Work to be completed:
The pictures in the listing below are to be skipped, while the lines between the line holding "Galvanised steel sheet, coated" and the line holding "Następnego dnia przyjechał", inclusive, are to be output exactly.

Provided data:
····················

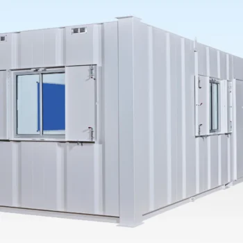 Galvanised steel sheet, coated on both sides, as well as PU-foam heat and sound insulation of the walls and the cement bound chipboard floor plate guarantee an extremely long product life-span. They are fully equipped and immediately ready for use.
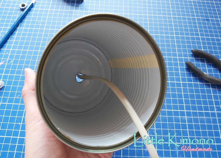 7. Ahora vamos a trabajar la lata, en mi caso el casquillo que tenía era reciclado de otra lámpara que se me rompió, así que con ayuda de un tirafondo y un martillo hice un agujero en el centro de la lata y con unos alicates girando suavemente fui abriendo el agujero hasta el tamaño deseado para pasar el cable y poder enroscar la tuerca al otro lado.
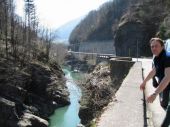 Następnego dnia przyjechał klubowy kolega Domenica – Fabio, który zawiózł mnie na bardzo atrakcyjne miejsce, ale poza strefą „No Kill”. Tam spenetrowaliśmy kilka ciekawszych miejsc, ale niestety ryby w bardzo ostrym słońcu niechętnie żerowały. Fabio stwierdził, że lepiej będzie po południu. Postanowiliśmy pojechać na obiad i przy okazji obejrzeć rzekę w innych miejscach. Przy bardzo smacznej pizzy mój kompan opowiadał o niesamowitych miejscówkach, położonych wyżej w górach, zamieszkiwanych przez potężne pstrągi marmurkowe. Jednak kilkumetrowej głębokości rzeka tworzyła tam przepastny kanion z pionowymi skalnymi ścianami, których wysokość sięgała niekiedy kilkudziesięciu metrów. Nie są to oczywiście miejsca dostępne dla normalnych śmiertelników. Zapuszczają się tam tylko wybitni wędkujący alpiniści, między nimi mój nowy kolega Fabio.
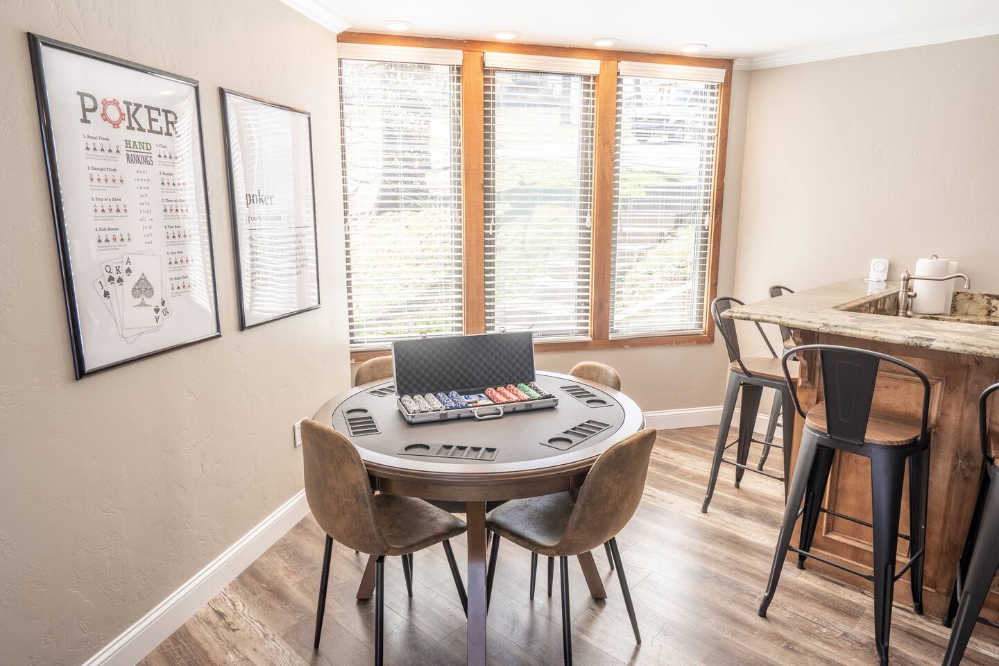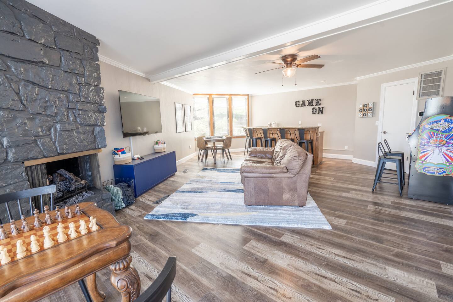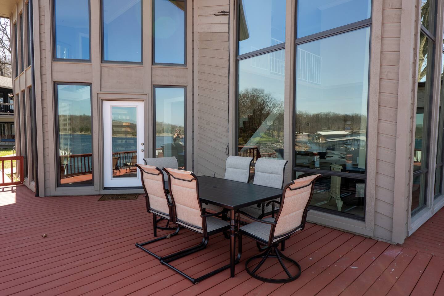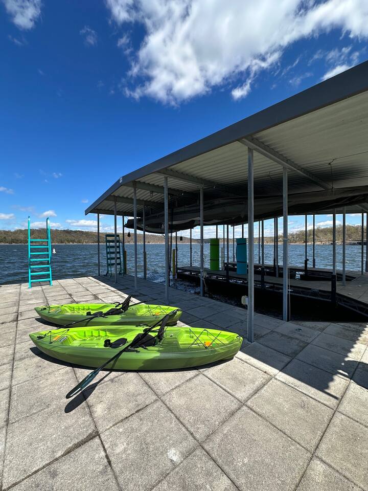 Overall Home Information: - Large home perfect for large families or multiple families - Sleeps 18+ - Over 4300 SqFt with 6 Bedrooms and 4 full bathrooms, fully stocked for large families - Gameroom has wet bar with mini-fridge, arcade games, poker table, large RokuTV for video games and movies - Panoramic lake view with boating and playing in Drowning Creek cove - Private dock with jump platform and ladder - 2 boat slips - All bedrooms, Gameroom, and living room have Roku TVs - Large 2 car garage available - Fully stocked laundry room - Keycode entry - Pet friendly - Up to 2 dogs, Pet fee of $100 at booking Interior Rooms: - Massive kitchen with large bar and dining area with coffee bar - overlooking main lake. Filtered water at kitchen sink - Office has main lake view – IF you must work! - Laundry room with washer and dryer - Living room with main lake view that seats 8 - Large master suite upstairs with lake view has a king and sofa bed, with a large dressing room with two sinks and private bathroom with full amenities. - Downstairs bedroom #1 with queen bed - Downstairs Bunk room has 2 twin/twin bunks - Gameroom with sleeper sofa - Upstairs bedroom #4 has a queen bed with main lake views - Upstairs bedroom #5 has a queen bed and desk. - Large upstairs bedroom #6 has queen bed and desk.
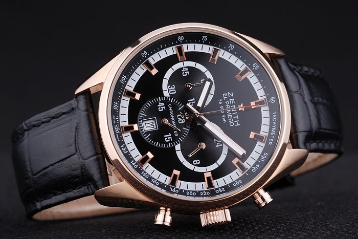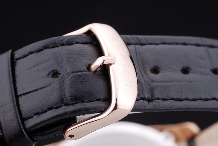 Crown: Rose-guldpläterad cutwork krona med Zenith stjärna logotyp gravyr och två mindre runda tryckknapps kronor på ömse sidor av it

····················

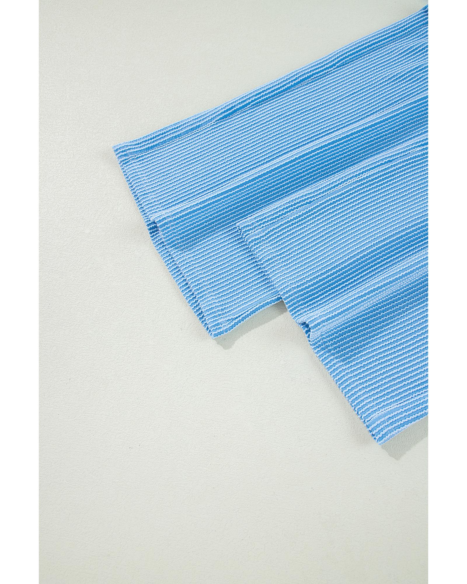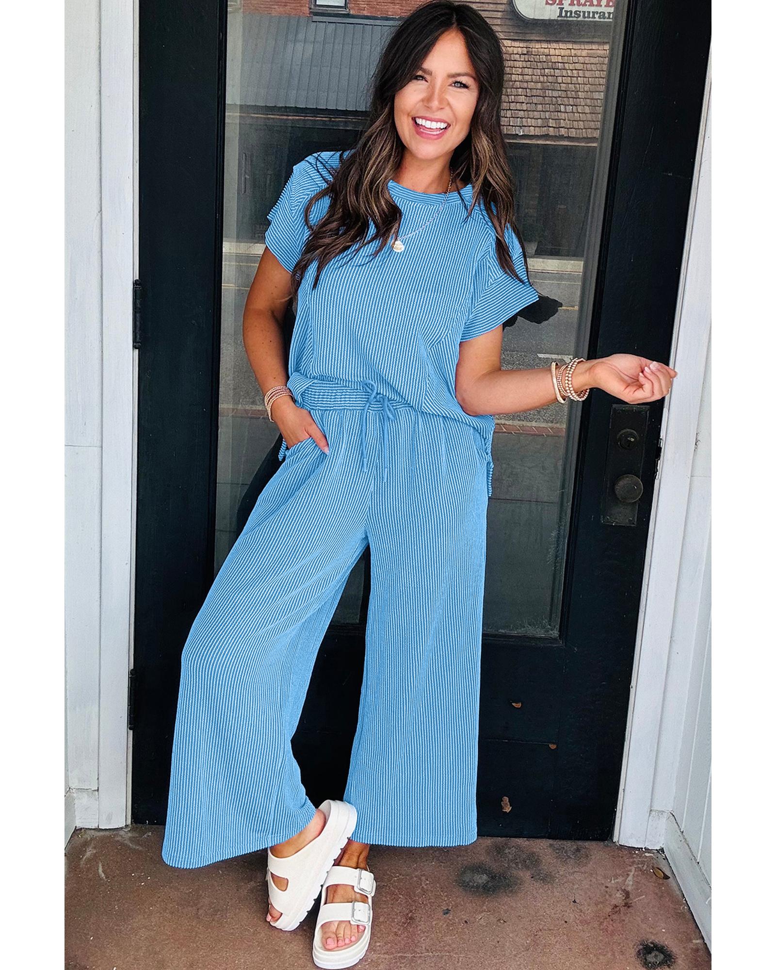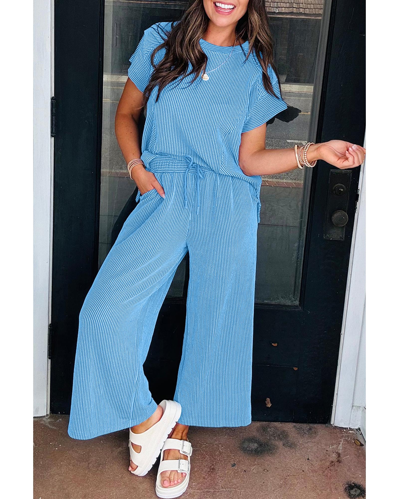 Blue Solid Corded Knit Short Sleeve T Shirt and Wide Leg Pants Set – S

····················

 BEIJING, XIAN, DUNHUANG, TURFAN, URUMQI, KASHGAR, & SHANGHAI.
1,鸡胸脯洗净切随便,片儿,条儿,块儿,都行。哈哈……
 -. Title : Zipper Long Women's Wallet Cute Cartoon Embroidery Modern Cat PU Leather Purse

····················

Written answer:
 Galvanised steel sheet, coated on both sides, as well as PU-foam heat and sound insulation of the walls and the cement bound chipboard floor plate guarantee an extremely long product life-span. They are fully equipped and immediately ready for use.
 7. Ahora vamos a trabajar la lata, en mi caso el casquillo que tenía era reciclado de otra lámpara que se me rompió, así que con ayuda de un tirafondo y un martillo hice un agujero en el centro de la lata y con unos alicates girando suavemente fui abriendo el agujero hasta el tamaño deseado para pasar el cable y poder enroscar la tuerca al otro lado.
 Następnego dnia przyjechał klubowy kolega Domenica – Fabio, który zawiózł mnie na bardzo atrakcyjne miejsce, ale poza strefą „No Kill”. Tam spenetrowaliśmy kilka ciekawszych miejsc, ale niestety ryby w bardzo ostrym słońcu niechętnie żerowały. Fabio stwierdził, że lepiej będzie po południu. Postanowiliśmy pojechać na obiad i przy okazji obejrzeć rzekę w innych miejscach. Przy bardzo smacznej pizzy mój kompan opowiadał o niesamowitych miejscówkach, położonych wyżej w górach, zamieszkiwanych przez potężne pstrągi marmurkowe. Jednak kilkumetrowej głębokości rzeka tworzyła tam przepastny kanion z pionowymi skalnymi ścianami, których wysokość sięgała niekiedy kilkudziesięciu metrów. Nie są to oczywiście miejsca dostępne dla normalnych śmiertelników. Zapuszczają się tam tylko wybitni wędkujący alpiniści, między nimi mój nowy kolega Fabio.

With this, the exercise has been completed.